Mississippian System
Type locality: The Grove Church Shale was named by Swann (1963) for Cedar Grove Church, Johnson County, Ill. Sixteen feet (4.9 m) of shale and interbedded limestone are exposed in a road cut and in gullies about 1 mile (1.6 km) east of Lick Creek, Ill. No other surface exposures have been reported. Before designation as a separate formation, the Grove Church rocks were included in the subjacent Kinkaid Limestone. The subsurface reference section in Indiana for the Grove Church is the interval from 1,725 to 1,764 feet in the R. K. Petroleum Corp. No. 1 E. Bandy et at. well, NE¼NW¼NW¼ sec. 10, T. 6 S., R. 14 W., Posey County.

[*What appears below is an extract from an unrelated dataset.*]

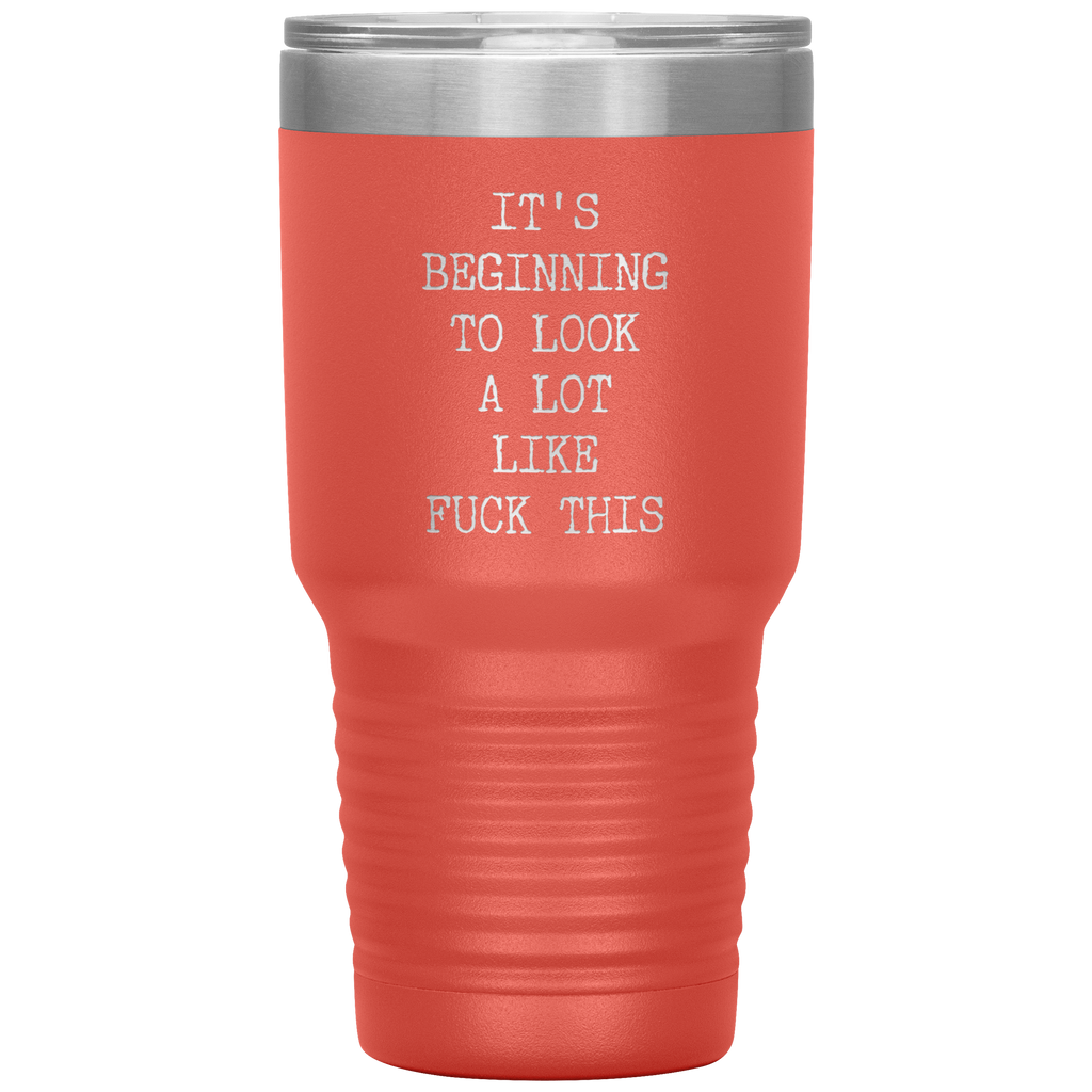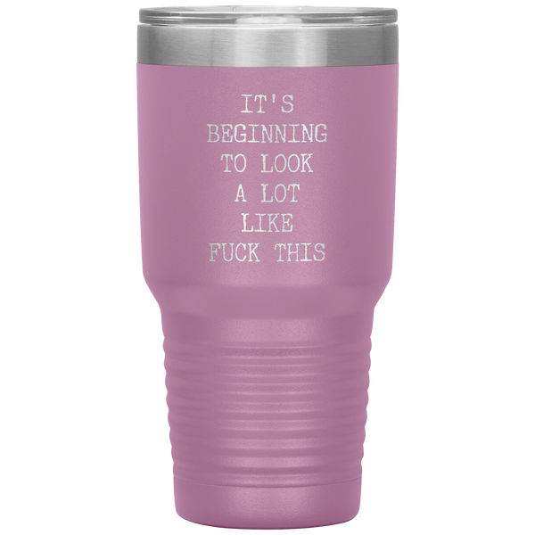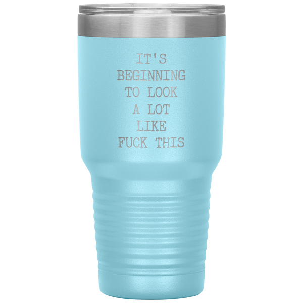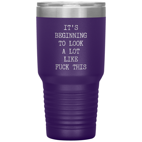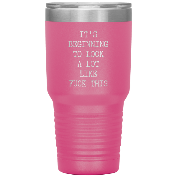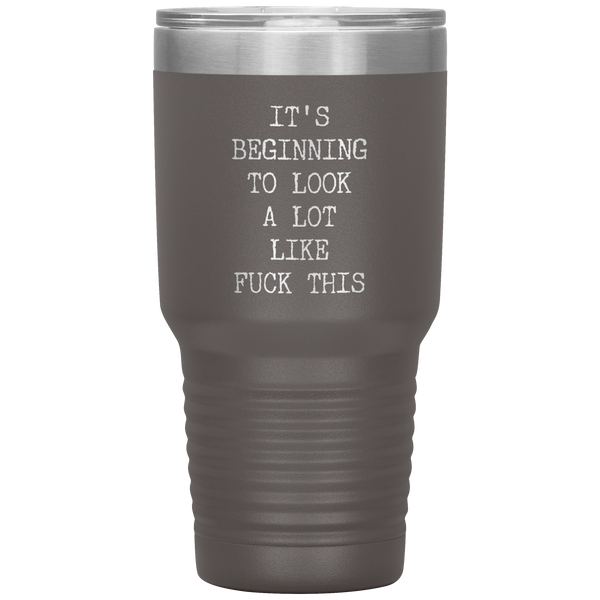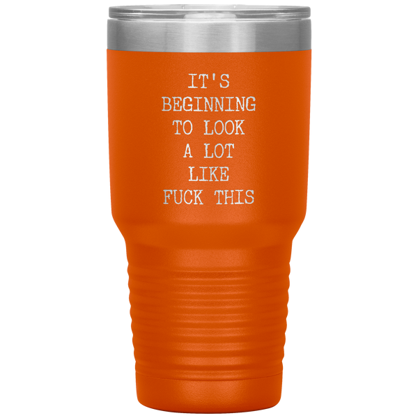 Funny Christmas Gift Exchange Rude Offensive Profanity It's Beginning to Look Lot Like Fuck This Mature Tumbler Insulated Travel Coffee Cup BPA Free

Description: The Grove Church Shale in Indiana is the uppermost formation of the Buffalo Wallow Group, is the youngest known Mississippian unit, and is recognized only in the subsurface of Posey County. The formation is predominantly drab fossiliferous shale in various shades of medium and dark gray and green: brownish and grayish maroon are subordinate colors. The shale is thin bedded to platy and quite soft and appears to be free of siliceous material. Several thin beds of limestone as thick as 2 feet (0.6 m) are inter bedded in the shale. The limestones are moderately fossiliferous light- to medium- brown and gray mudstones and wackestones packstones are present in subordinate amounts. Maximum known thickness of the Grove Church in Indiana is 50 feet (15 m). The formation conformably overlies the Kinkaid Limestone and may or may not conformably underlie rocks of Pennsylvanian age,
Correlation: The Grove Church Shale is known by the same name in Illinois. No biostratigraphic data have been reported from the Grove Church in the subsurface of Indiana, but the probable age relations of the Grove Church may be inferred from the data obtained in studies of surface exposures in Illinois. Fusulinids of the genus Millerella that are found in the Grove Church have affinities with Pennsylvanian forms (Cooper, 1947). The Grove Church in Illinois contains conodont of the Adetognathus unicornis Assemblage Zone, which are distinct from the fauna of the underlying Kinkaid Limestone (Rexroad and Burton, 1961). According to Rexroad and Merrill (1985) uninterrupted deposition in marine environments locally prevailed across the Mississippian-Pennsylvanian boundary in the Illinois Basin, that is, across the Grove Church-Caseyville formational boundary.